• **Data shown**:
- - - - - - -
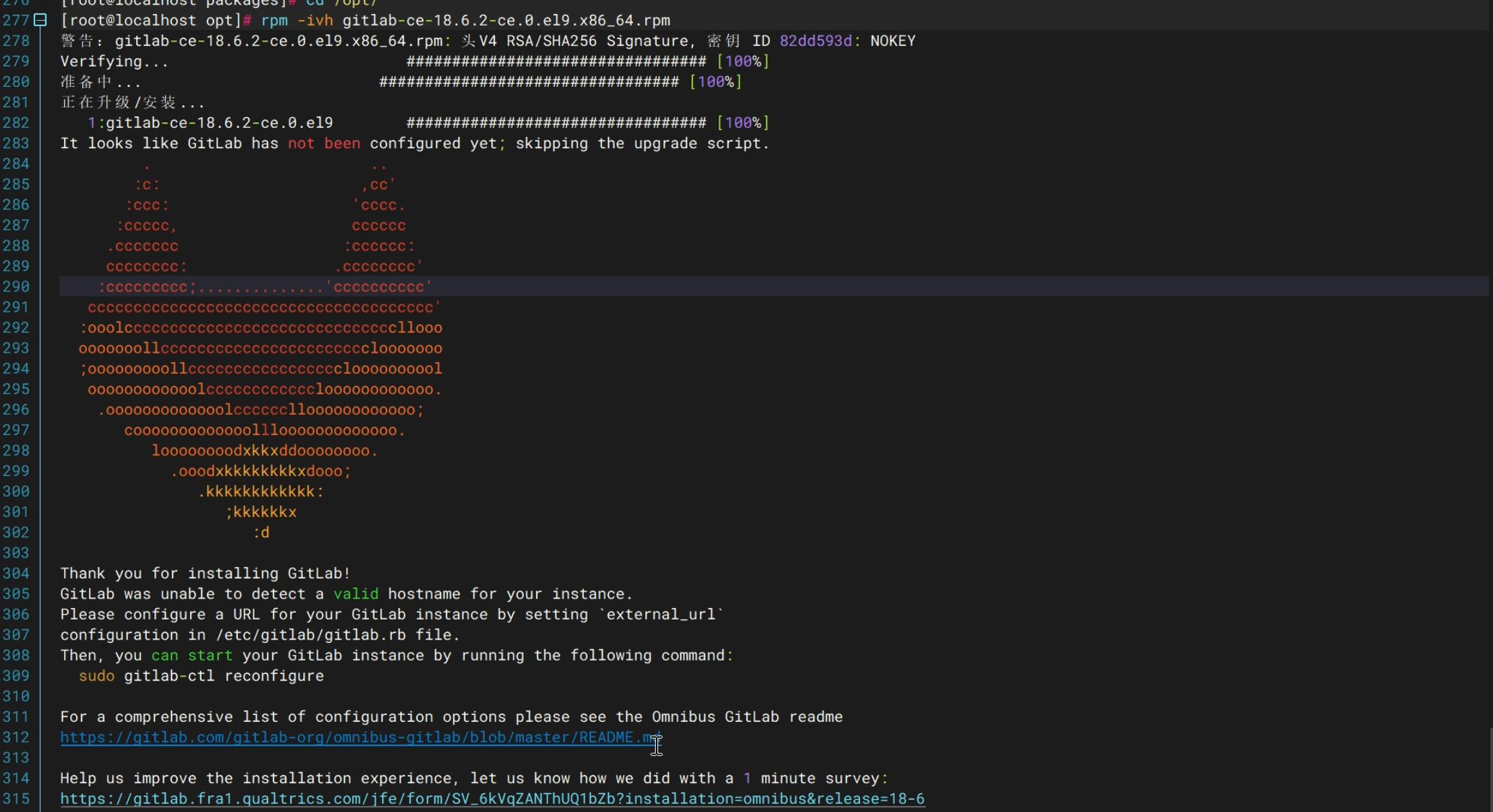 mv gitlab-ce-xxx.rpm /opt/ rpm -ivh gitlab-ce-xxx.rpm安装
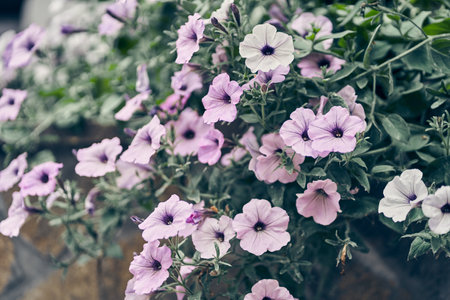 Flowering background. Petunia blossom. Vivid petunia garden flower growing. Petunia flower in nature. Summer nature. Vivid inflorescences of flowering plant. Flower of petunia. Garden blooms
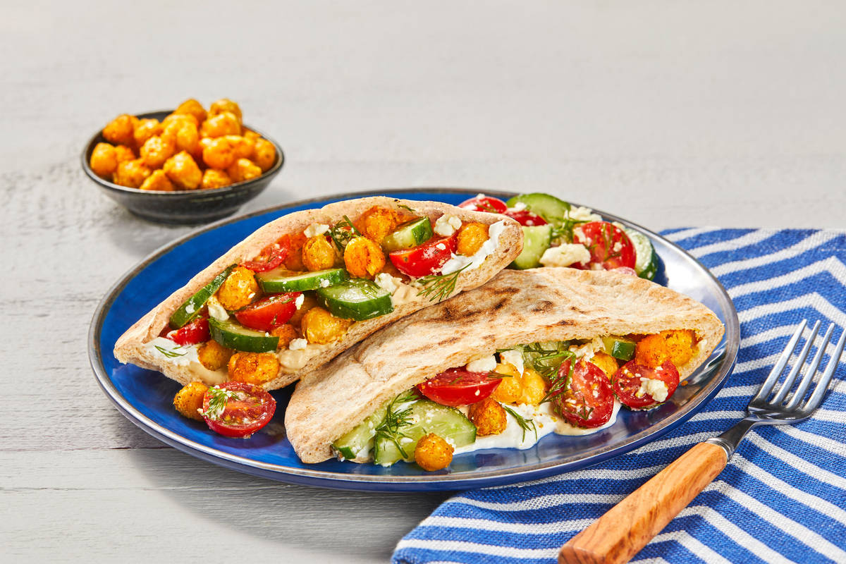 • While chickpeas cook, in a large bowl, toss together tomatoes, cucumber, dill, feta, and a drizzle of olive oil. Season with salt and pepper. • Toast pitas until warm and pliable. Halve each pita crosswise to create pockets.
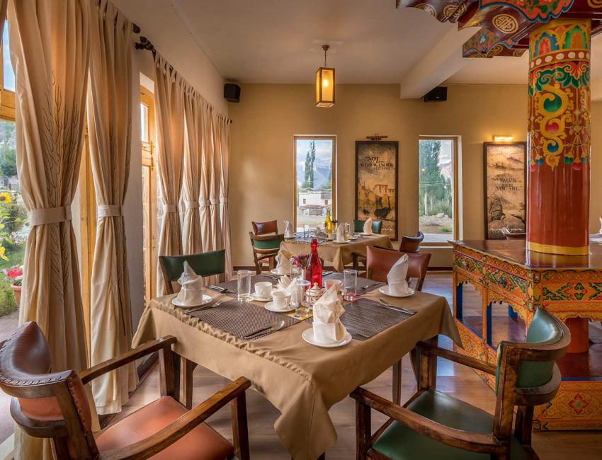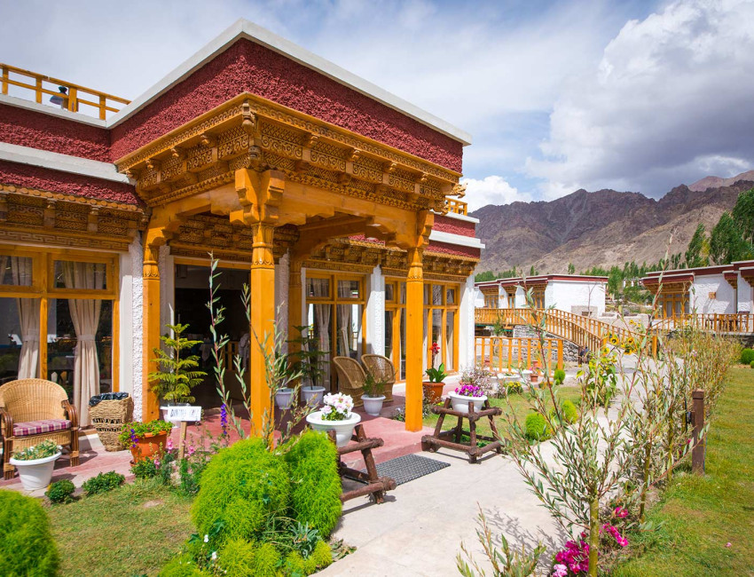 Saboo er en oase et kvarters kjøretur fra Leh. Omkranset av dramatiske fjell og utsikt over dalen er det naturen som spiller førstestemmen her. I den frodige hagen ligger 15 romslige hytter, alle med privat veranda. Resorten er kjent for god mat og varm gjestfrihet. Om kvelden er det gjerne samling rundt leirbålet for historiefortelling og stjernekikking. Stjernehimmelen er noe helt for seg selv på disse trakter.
- - - - - - -
• **Aim of the task**:
Transcribe the listing word for word, but keep its pictures out of the copy.

• **Written response**:
 mv gitlab-ce-xxx.rpm /opt/ rpm -ivh gitlab-ce-xxx.rpm安装
 Flowering background. Petunia blossom. Vivid petunia garden flower growing. Petunia flower in nature. Summer nature. Vivid inflorescences of flowering plant. Flower of petunia. Garden blooms
 • While chickpeas cook, in a large bowl, toss together tomatoes, cucumber, dill, feta, and a drizzle of olive oil. Season with salt and pepper. • Toast pitas until warm and pliable. Halve each pita crosswise to create pockets.
 Saboo er en oase et kvarters kjøretur fra Leh. Omkranset av dramatiske fjell og utsikt over dalen er det naturen som spiller førstestemmen her. I den frodige hagen ligger 15 romslige hytter, alle med privat veranda. Resorten er kjent for god mat og varm gjestfrihet. Om kvelden er det gjerne samling rundt leirbålet for historiefortelling og stjernekikking. Stjernehimmelen er noe helt for seg selv på disse trakter.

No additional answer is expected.